### Try it:
Look below for the line with "The stylish Chai". Retype it and every line after it to the end, exactly, but leave out the pictures.

### Source data:

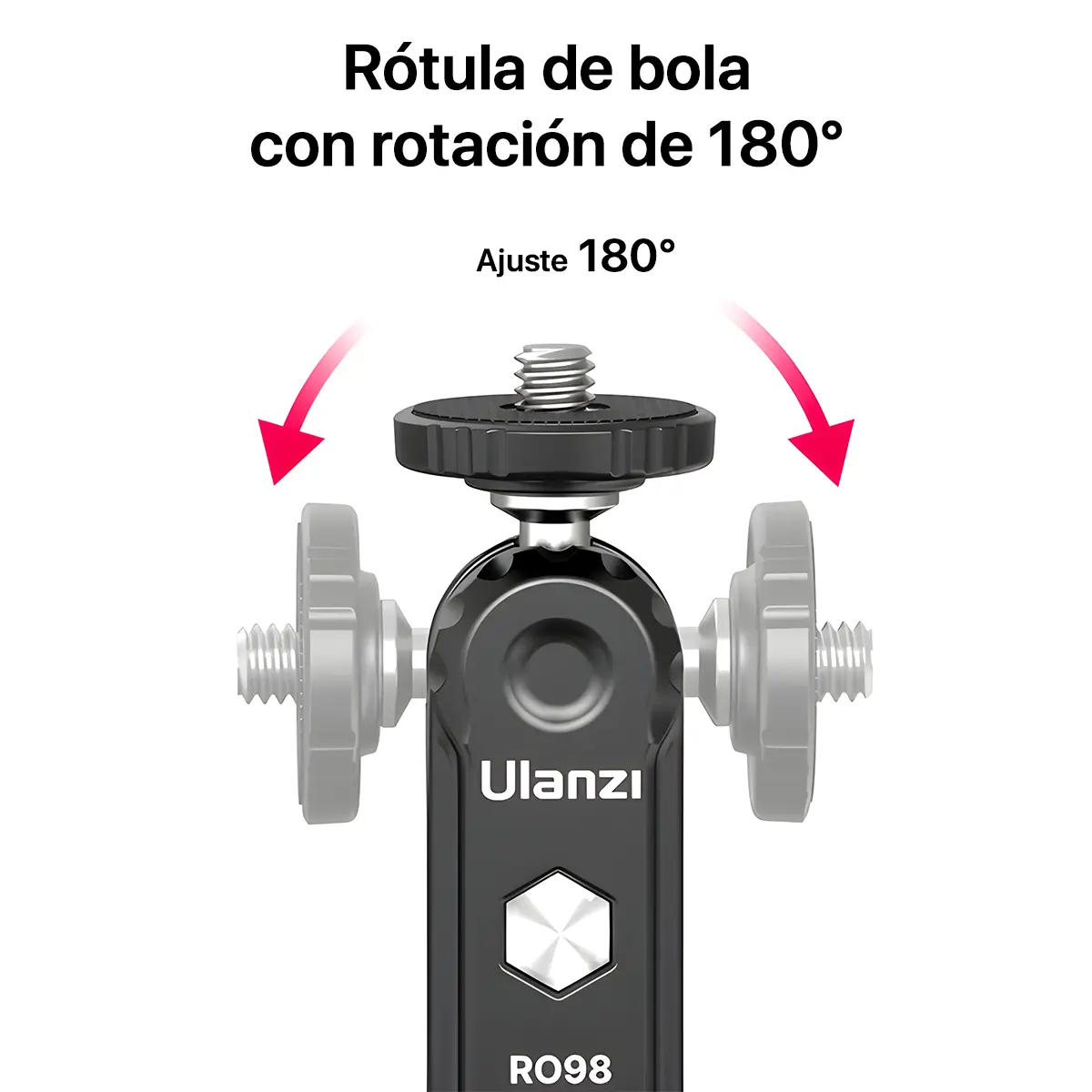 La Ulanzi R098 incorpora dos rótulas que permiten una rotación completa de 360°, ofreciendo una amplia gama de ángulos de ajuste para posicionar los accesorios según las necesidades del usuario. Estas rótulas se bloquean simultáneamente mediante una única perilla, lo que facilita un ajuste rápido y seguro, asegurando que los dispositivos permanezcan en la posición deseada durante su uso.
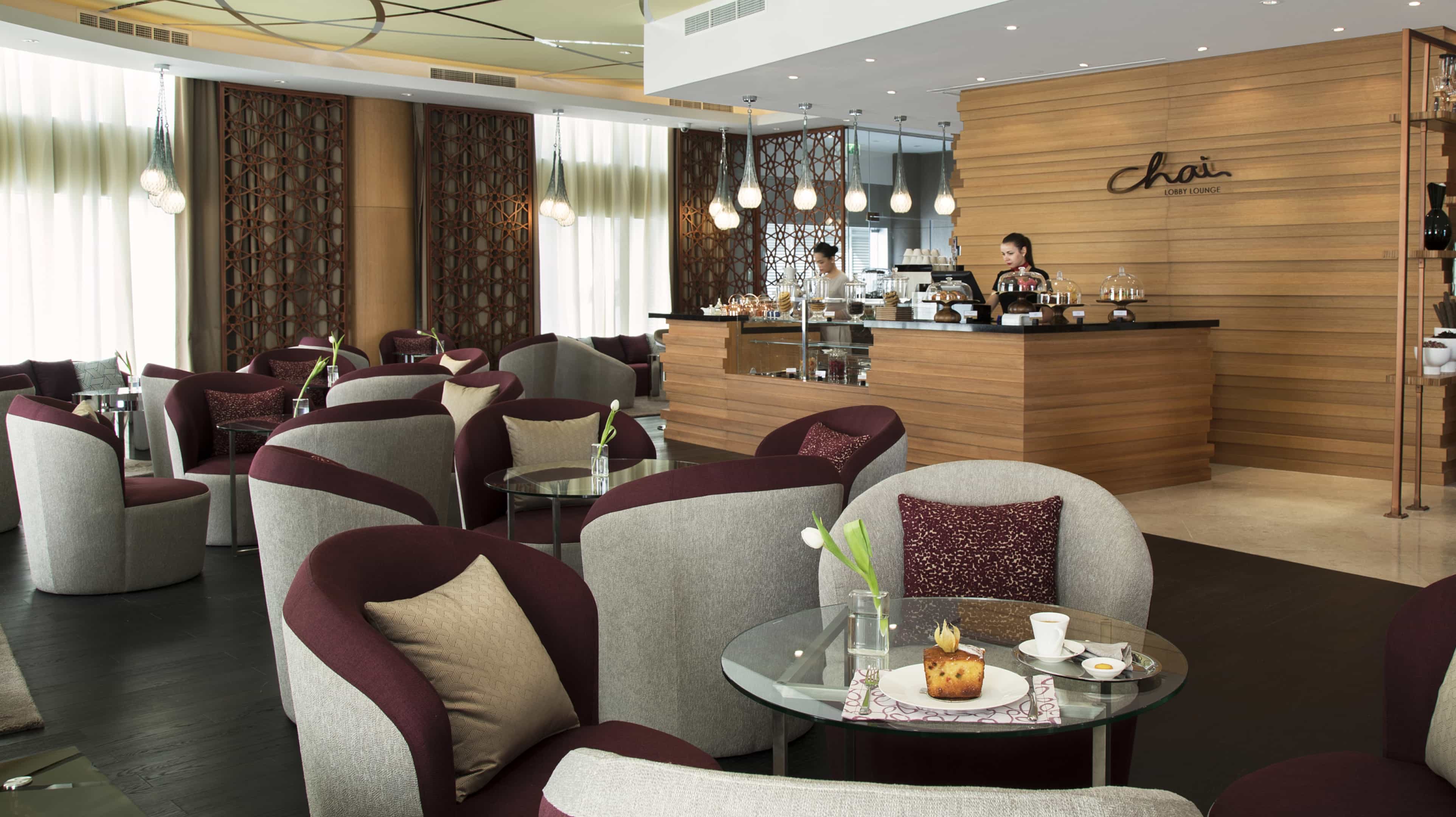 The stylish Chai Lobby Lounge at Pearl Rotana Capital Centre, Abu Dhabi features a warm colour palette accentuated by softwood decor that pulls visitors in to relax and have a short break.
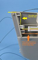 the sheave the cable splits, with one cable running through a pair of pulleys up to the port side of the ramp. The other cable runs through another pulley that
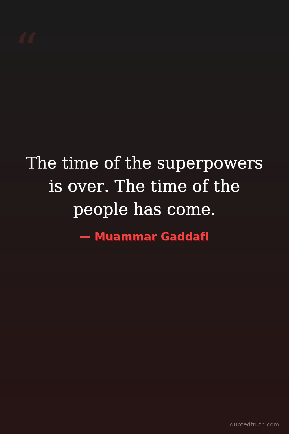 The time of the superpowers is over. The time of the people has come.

### Answer space:
 The stylish Chai Lobby Lounge at Pearl Rotana Capital Centre, Abu Dhabi features a warm colour palette accentuated by softwood decor that pulls visitors in to relax and have a short break.
 the sheave the cable splits, with one cable running through a pair of pulleys up to the port side of the ramp. The other cable runs through another pulley that
 The time of the superpowers is over. The time of the people has come.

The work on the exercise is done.